Chicago’s South Loop just scored a hefty apartment trade, with an affiliate of RPM Living shelling out $103.5 million for Grand Central, a two-tower, 346-unit rental complex at 221 W. Harrison Street. The sale price is a sharp jump from the $81.9 million paid less than three years ago, a quick flip that underscores how rising rents and tight supply are pulling big-money investors back into the city’s multifamily market.

Deal details and buyer

Online property records show the complex changed hands for $103.5 million, according to CoStar News. That report identifies the buyer as an affiliate of Austin-based RPM Living and notes that Waterton had put the property on the market last summer. The latest trade puts a new benchmark on the asset at a time when higher borrowing costs have made big-ticket deals harder to pencil out.

What the complex is

Waterton paid about $81.9 million for the connected 14-story towers in October 2023, as reported by The Real Deal. The development, completed in 2020 and marketed as The Grand Central, contains 346 units across 207 and 221 W. Harrison Street, according to the property profile from Wood Partners. Newmark brokers were among those who marketed the asset during the sale process, The Real Deal noted.

Why buyers are circling

Chicago’s apartment market has chalked up stronger rent gains than many other major U.S. metros, and that momentum is helping pry open investors’ wallets. Multifamily sales volume in the Chicago area reached roughly $6.3 billion over the past year, a nearly 30 percent increase, according to CoStar News. Those numbers are encouraging landlords to test pricing and pushing institutional buyers to chase stabilized, well-located buildings like Grand Central, even with financing costs still elevated.

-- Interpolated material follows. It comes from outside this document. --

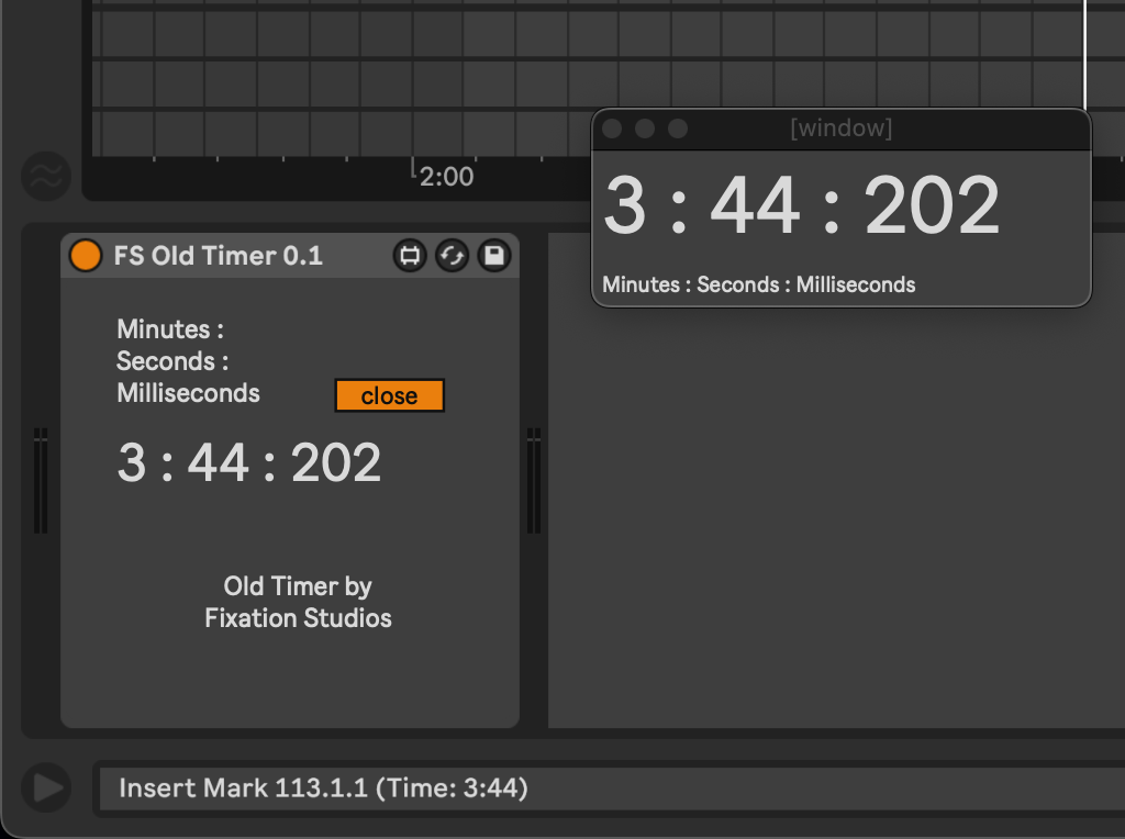 | Description: | A very quick patch I put together for my friend who is a bit of an old timer himself and needs binoculars to see the time readouts in Live's status bar. So I made this for him and posted it here so others can learn from it. Not much testing has been done but its a simple device so there shouldn't be any real issues. Its a great example of using the plugsync~ object for accurate information, converting beats to seconds, dealing with floats and integers and creating a simple floating window. Enjoy! Robert Koster // Fixation Studios // GMaudio Get in touch if you would like to learn Max or Live! |

RPM’s local push and what to watch

The Grand Central buy extends RPM’s recent shopping spree in the region. The firm paid about $102 million in March for Orland Ridge, a 294-unit build-to-rent community southwest of the city, according to Hoodline’s coverage of the $102 million Orland Ridge deal. For Chicago renters and investors, the Grand Central trade highlights how tight market fundamentals can still outweigh higher borrowing costs, and it has other downtown tower owners watching closely to see whether more high-rise sales follow this year.